DATA SHOWN section start

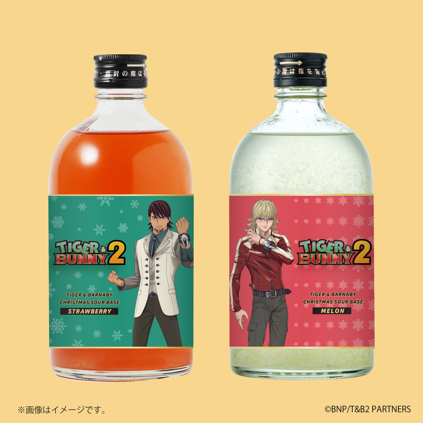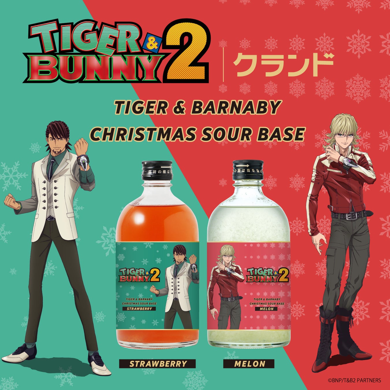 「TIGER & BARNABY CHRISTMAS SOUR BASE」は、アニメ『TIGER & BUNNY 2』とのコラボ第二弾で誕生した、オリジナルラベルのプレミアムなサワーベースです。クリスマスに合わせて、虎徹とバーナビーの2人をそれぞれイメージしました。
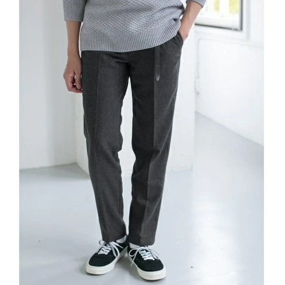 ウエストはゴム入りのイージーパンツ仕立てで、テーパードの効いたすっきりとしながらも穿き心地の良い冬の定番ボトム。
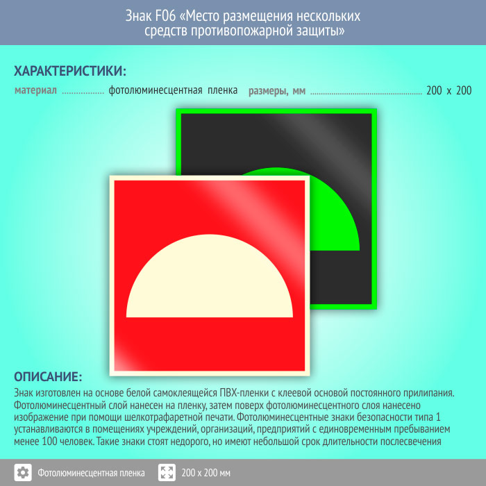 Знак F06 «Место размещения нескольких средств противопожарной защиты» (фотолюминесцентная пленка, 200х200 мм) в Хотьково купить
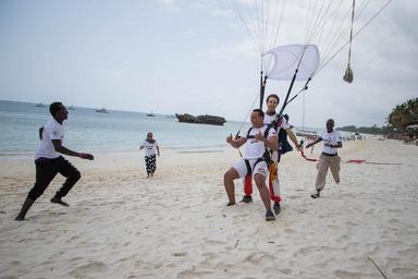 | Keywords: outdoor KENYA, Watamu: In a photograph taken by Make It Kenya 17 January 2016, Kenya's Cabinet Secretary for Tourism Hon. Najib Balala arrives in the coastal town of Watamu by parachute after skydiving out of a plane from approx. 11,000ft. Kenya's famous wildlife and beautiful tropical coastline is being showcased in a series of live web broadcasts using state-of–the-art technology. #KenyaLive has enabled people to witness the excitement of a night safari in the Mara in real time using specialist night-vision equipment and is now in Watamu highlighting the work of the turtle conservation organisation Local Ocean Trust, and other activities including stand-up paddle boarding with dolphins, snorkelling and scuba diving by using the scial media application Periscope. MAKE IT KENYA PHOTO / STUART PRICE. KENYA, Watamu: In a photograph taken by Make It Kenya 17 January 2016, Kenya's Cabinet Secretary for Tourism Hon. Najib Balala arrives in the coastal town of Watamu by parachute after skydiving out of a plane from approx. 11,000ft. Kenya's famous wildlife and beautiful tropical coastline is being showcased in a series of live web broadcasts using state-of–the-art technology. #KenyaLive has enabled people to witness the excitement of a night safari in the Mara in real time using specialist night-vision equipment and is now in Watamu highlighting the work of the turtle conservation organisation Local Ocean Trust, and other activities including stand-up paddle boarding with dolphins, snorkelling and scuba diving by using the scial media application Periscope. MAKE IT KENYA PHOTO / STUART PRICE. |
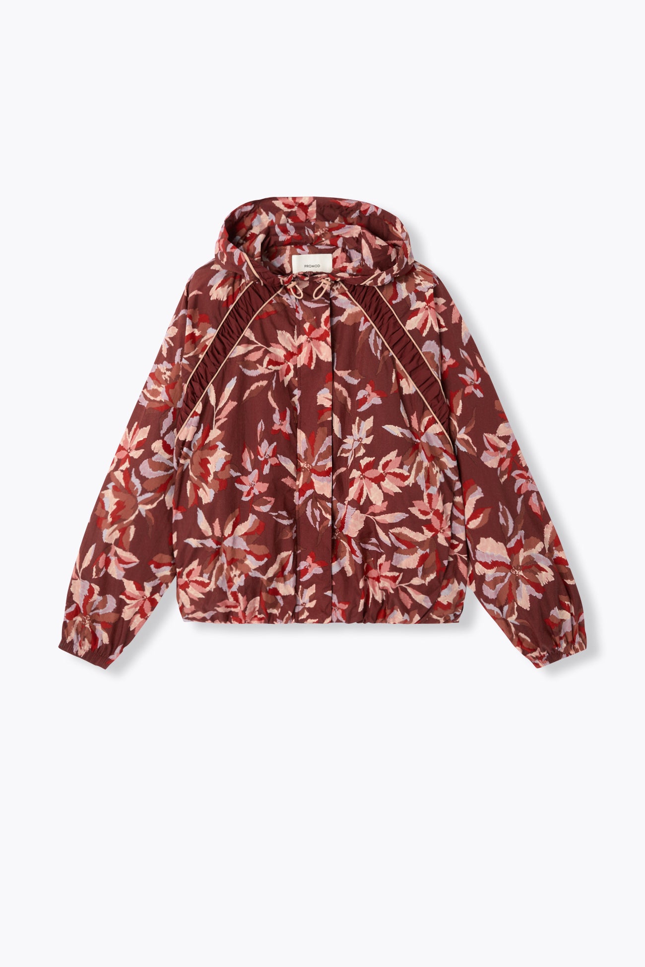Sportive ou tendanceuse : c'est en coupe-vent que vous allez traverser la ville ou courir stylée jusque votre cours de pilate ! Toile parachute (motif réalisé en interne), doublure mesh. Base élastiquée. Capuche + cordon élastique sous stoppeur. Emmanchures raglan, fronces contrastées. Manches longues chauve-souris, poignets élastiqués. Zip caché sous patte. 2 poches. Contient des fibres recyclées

DATA SHOWN section end
DATA SHOWN section start

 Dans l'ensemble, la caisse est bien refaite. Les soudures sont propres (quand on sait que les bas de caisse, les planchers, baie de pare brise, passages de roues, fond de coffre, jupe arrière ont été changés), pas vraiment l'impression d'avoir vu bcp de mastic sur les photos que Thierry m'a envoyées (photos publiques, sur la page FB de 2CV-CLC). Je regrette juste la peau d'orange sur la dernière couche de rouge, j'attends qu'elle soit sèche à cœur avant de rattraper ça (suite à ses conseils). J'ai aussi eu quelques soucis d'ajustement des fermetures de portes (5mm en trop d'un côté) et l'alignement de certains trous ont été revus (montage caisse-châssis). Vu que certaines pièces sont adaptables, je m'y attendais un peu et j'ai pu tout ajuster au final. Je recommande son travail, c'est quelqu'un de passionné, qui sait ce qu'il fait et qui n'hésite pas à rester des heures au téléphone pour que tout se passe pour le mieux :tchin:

DATA SHOWN section end
DATA SHOWN section start

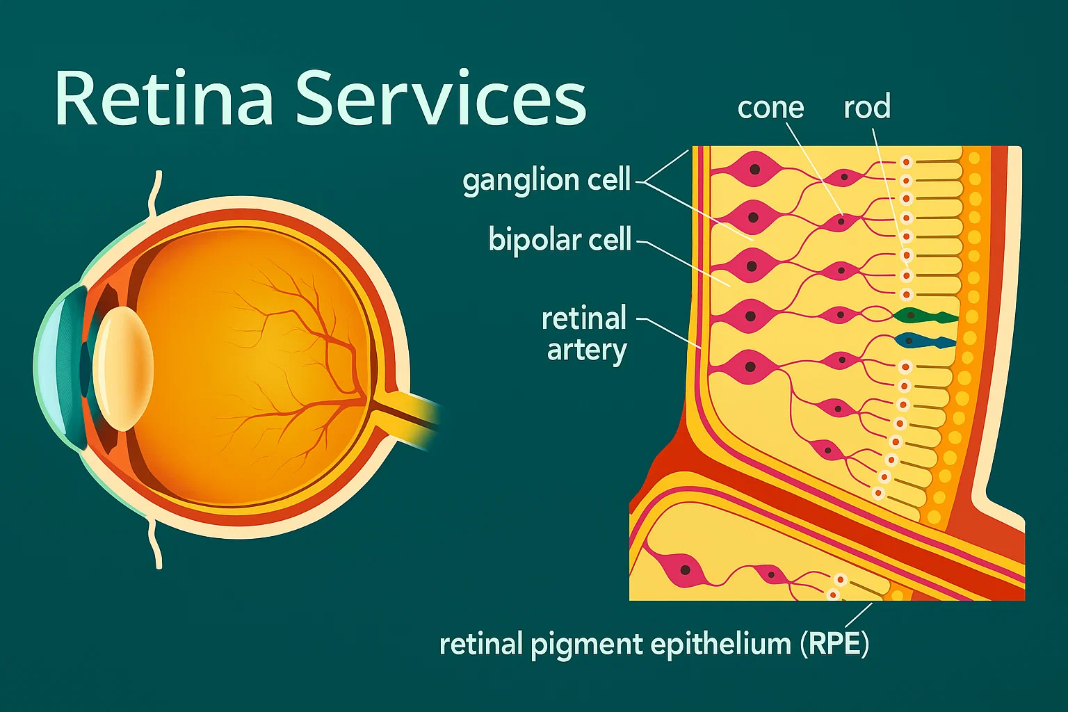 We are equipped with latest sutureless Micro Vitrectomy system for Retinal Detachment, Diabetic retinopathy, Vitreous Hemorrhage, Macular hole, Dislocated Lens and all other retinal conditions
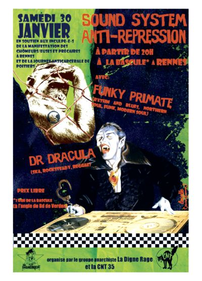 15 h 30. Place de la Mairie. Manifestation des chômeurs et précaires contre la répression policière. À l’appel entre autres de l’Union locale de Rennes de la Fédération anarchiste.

DATA SHOWN section end

→ PROBLEM
Nothing but the lines above, starting at the line that contains "We are equipped" and ending at the line that contains "15 h 30. Place", should be given again, exactly and without the pictures.

→ THE COMPLETED TASK
 We are equipped with latest sutureless Micro Vitrectomy system for Retinal Detachment, Diabetic retinopathy, Vitreous Hemorrhage, Macular hole, Dislocated Lens and all other retinal conditions
 15 h 30. Place de la Mairie. Manifestation des chômeurs et précaires contre la répression policière. À l’appel entre autres de l’Union locale de Rennes de la Fédération anarchiste.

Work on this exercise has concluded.